Megan Garth isn’t just a talented field goal kicker. She might be the most talented field goal kicker at Prince Avenue Christian School in Bogart, Ga. Despite her ability and desire to reliably kick 30-yard field goals, however, she won’t be joining the school’s team.

“While the school recognizes the changing roles of girls in organized sports, its covenantal partnership does not support the belief that mixed athletic contact sports should traverse a spectrum from high school varsity all the way down to the second grade,” Prince Avenue Christian’s head of school Col. Seth Hathaway told the Atlanta Journal Constitution this week. He defined the “covenantal partnership” as a commitment to “uphold its community standards and the conservative temperament of the school.”

AJC’s Todd Holcomb, who penned a column on the growing debate about the issue of sports in private Georgia schools, pointed out Prince Avenue Christian is far from the only school to hold such beliefs. Other private, religious schools have declared similar beliefs, with Landmark Christian football Coach Wayne Brantley being among the most outspoken.

“I know that is probably not the politically correct answer, but we have boys sports and girls sports, and I believe we should stick with that,” Brantley told Holcomb. “We would not allow a boy to play girls basketball. Think of what might happen if that can of worms was opened — a 6-7, 255-pound boy dominating in girls basketball.”

There are obvious problems with Brantley’s rationalization.

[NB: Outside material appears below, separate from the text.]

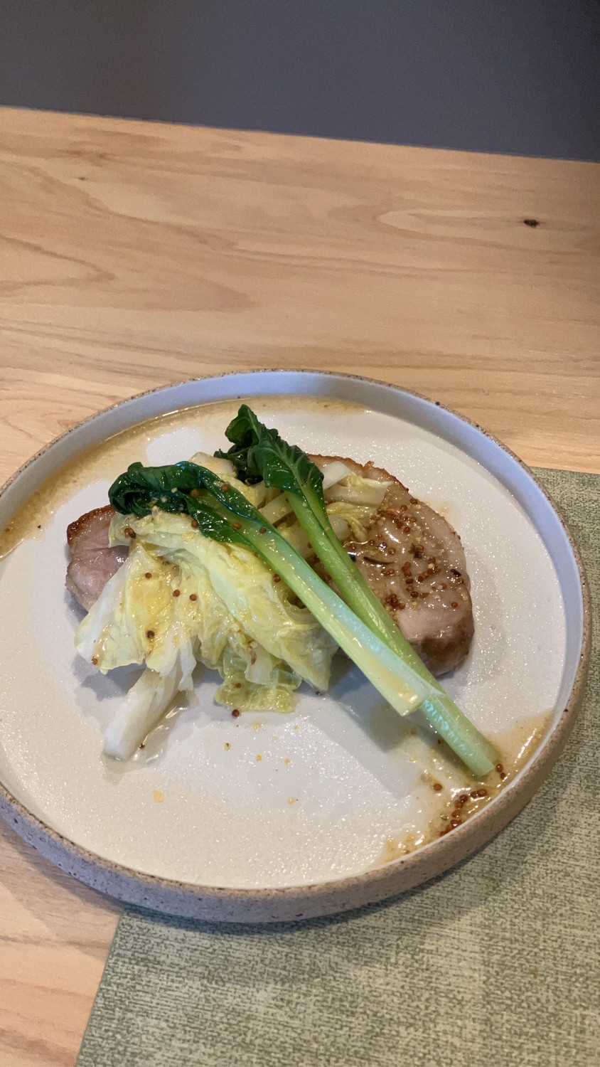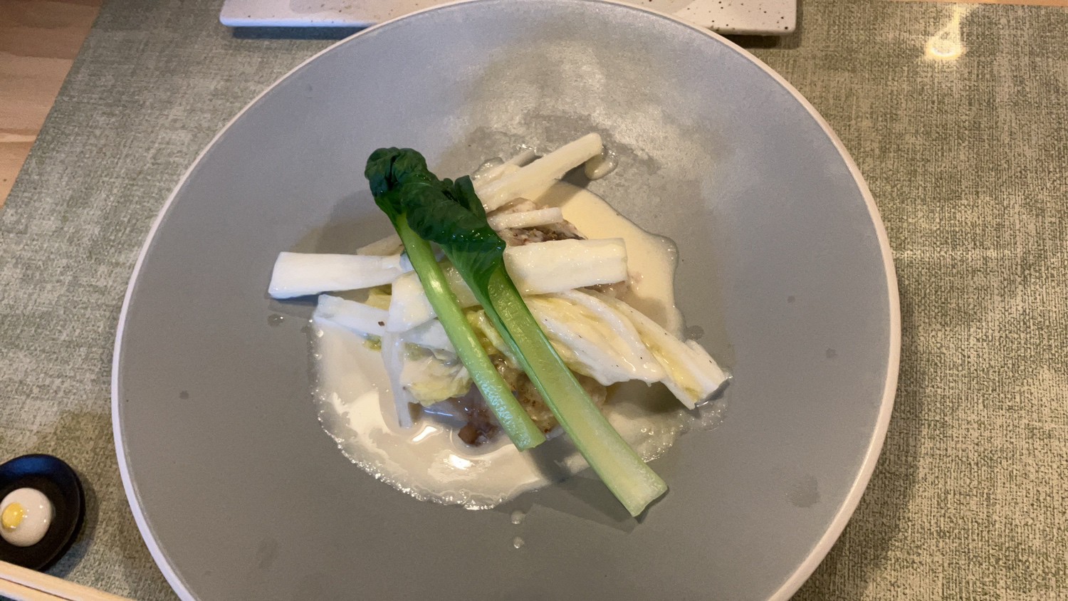 コースの一品例。季節ごとに趣向を変え、葉物野菜を多種類使ったり、焼き野菜や茹で野菜など調理法を変えたり、お肉のコンフィや魚のマリネを合わせたりして、重層的なおいしさを表現。野菜が主役の名作料理です!

For one, there’s no equivalent all-girls football team at the private school, so to play the sport, Garth or girls like her would have to join the boys’ team. And also, unlike in basketball, football positions vary greatly. What makes a good linebacker often doesn’t make a good kicker and vice versa.

While this type of reasoning might raise eyebrows, it’s not breaking any laws. Because Prince Avenue Christian, Landmark Christian and other schools in this category do not receive federal funding, they’re not subject to the rules set forth by Title IX, which advocates equal access to sports among the sexes. And while Title IX does have a “contact sports exemption” that allows all schools to bar girls from joining boys’ contact sports teams, many schools have allowed girls to join boys’ football teams on a case-by-case basis. There are dozens of examples, and most recently, a woman named Becca Longo, who proved a talented kicker on the boys’ football team at Basha High School in Chandler, Ariz., is believed to have become the first female player to earn a scholarship to play the game in college.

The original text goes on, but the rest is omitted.